__What to work on__:
In the records that follow, find the line containing "Фея аистника цикутового" and the line containing "Bàn ăn đá phiến", then transcribe both and every line between them exactly, omitting pictures.

__Dataset content__:
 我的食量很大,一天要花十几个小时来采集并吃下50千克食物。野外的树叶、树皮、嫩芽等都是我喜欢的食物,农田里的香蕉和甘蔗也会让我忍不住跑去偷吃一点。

* * *

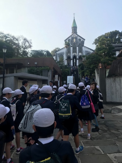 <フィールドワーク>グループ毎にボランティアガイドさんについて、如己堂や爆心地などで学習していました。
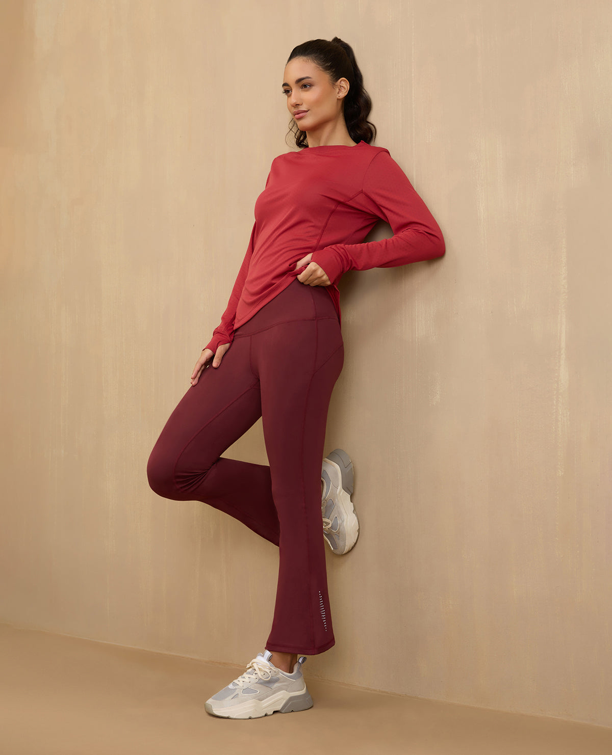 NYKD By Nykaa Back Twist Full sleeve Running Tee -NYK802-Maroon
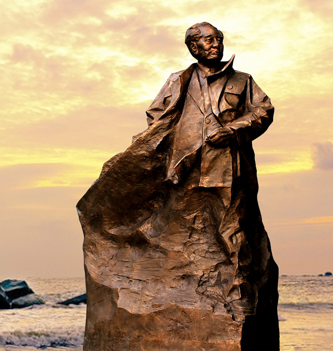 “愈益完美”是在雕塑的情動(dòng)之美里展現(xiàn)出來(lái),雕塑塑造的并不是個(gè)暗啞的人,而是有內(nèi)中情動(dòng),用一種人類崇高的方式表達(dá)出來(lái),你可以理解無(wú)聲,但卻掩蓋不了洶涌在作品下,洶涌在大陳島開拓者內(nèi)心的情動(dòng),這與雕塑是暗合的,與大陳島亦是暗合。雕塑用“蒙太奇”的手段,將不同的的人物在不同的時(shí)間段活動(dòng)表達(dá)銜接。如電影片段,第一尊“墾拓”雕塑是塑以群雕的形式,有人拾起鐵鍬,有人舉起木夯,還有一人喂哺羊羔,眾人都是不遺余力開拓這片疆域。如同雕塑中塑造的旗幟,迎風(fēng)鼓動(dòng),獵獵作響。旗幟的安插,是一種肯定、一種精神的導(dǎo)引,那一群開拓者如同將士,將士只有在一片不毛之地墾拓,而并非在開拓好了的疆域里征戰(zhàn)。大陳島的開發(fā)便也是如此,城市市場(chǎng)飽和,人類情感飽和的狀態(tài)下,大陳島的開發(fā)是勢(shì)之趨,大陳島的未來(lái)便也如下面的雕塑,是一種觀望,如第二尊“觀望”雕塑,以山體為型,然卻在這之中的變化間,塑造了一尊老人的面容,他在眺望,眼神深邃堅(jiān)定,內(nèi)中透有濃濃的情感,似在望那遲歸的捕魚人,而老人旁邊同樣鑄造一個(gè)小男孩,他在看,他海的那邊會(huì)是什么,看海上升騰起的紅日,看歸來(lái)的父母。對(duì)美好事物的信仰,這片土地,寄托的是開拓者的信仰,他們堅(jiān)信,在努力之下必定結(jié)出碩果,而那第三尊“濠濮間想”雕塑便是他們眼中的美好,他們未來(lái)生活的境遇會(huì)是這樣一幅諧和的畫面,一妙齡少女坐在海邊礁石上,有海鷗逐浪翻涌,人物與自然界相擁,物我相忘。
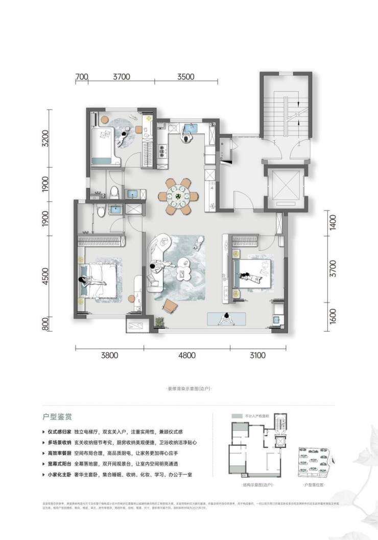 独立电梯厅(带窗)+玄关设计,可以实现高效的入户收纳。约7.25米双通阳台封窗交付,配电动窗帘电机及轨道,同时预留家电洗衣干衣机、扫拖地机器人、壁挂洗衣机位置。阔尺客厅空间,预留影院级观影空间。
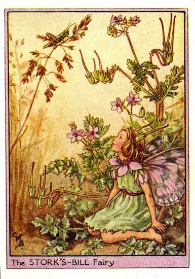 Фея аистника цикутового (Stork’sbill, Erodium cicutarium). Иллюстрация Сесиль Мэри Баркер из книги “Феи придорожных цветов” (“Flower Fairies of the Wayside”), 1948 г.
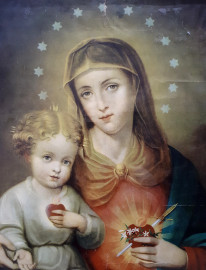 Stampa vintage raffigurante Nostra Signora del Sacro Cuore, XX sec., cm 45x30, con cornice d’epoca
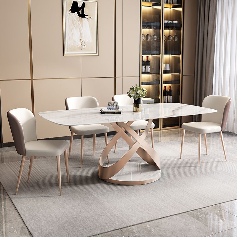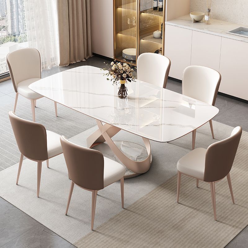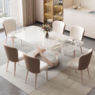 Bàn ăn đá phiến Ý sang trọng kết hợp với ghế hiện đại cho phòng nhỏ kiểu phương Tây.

__Exercise answer__:
 Фея аистника цикутового (Stork’sbill, Erodium cicutarium). Иллюстрация Сесиль Мэри Баркер из книги “Феи придорожных цветов” (“Flower Fairies of the Wayside”), 1948 г.
 Stampa vintage raffigurante Nostra Signora del Sacro Cuore, XX sec., cm 45x30, con cornice d’epoca
 Bàn ăn đá phiến Ý sang trọng kết hợp với ghế hiện đại cho phòng nhỏ kiểu phương Tây.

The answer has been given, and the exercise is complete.